Revisé cada lugar en la cabaña. Moví los cuadros e intenté despegar las maderas que estaban algo despegadas. Debía haber algo en la cabaña sobre Christopher e Isabey. Hasta lo que Nick me había dicho, sabía que Isabey era una anciana, ¿pero por qué Christopher se metería con ella? Lo único que podía ser, era que Isabey hubiera descubierto algo sobre Christopher. La puerta se abrió de trancazo, me escondí en un armario sigilosamente. Christopher guardó las llaves en sus bolsillos y se quitó la chamarra verde. Se colocó de cuclillas y sacó una llave para abrir una cerradura en el mármol. Era una puerta pequeña, no podía ser un sótano, Chris no cabría. No era gordo, pero tampoco demasiado flaco para caber. Apenas si tenía pancita. Sacó una caja algo vieja y le sacudió el polvo.
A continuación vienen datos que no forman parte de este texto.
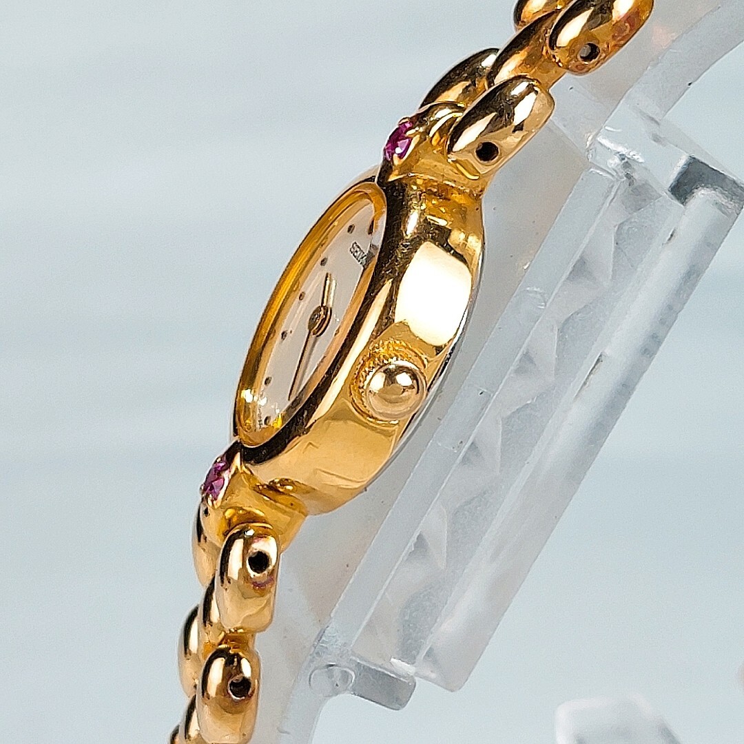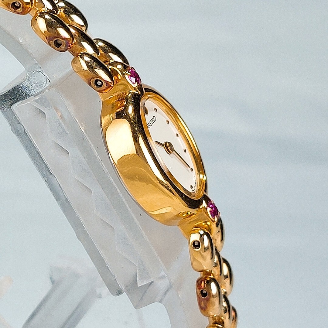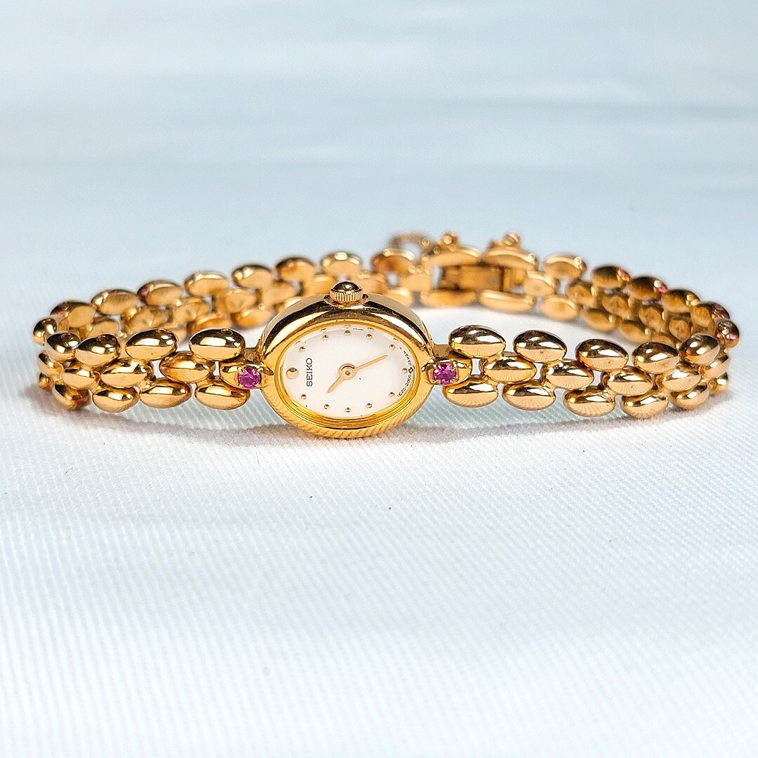 美品 SEIKO セイコー 腕時計 1E20-6140 クオーツ アナログ ゴールド ルビー ヴィンテージ 諏訪精工舎 1970年代製 電池交換済 動作確認済
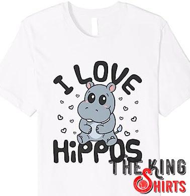 Against the crisp white background of the T-shirt, the words "I Love Hippos" are elegantly displayed in a simple black font. The choice of a simple font complements the cute cartoon hippo, allowing the focus to be on the endearing character and the expression of love for hippos. The combination of the "I Love Hippos" phrase with a heart-shaped design enhances the overall cuteness and appeals to those who appreciate adorable and charming elements.

La abrió con otra llave pequeña y sacó una carta.

¿Por qué Christopher tenía un pedazo de papel resguardado? Se la guardó en el bolsillo y volvió a dejar la caja bajo llave luego se dirigió hasta el armario donde estaba escondida, nuestros ojos se encontraron desde los espacios entre la persiana. Abrió el armario y me empujó para salir.

  — ¿Qué hacías metida allí, Bercher? —quiso saber.
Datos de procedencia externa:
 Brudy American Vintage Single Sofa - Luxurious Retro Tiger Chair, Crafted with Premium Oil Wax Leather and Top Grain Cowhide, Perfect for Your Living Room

— ¿Por qué sacabas un pedazo de papel de una caja oculta en la cabaña? —repliqué.

—Ese no es tu problema. Di qué hacías allí dentro.

—Dijiste que podía usar la cabaña cuando quisiera. Estar escondida o no tampoco es tu problema.

  — ¿Te gustan las escondidas? No eres una niña chiquita, Bercher. Podría haber hecho lo que hice delante de ti. No es ningún secreto.

—Entonces muéstrame qué llevas allí —exclamé.

  —No es nada que te interese, diablita.

  —Sé lo de Isabey. —saqué el libro de la mochila encima de la mesa. —. Nick me contó todo.

  — ¿Tú qué sabes de Nick? —me arrebató el libro y tocó la portada con la palma de su mano. Parecía estar triste.

  — ¿Por qué ella te dedicó ese libro? Era una anciana, Christopher. —exclamé alterada. —. Nick dijo que escapaste la misma noche que desapareció, ¿vas a darme una explicación? Ella te dedicó este libro.

  —Isabey no es una anciana, diablita. —alzó la voz. —. Ella está enferma del corazón. Me dedicó el libro porque creía en cosas que nadie más veía. Yo era el único que sabía que todo era cierto. Ella da sus últimos respiros por mí. Y lucha contra los problemas cardíacos por mí. Jamás la lastimaría como piensas.

Solté una bocanada de aire.

  — ¿Qué hay de Nick?

—Es complicado. Nick no es la persona en la que deberías confiar. —me devolvió el libro. —. Todo lo que buscas está escrito aquí.

— ¿Ustedes pertenecen a los sellos? ¿Son los cinco principales?

—Cuatro de nosotros lo somos. —aclaró. —. El quinto no debe estar en esta tierra, y por eso quieren eliminarlo.

— ¿Quién es el quinto? —dudé.

—Ya tienes suficiente. Lo que quieras saber, vas a tener que hacerlo sola.

—Quisiera conocer a Isabey —comenté mientras tomaba la chaqueta algo molesto.

—No vas a interrogarla sobre esto. Todo lo que quieras saber, tendrás que saberlo de mí.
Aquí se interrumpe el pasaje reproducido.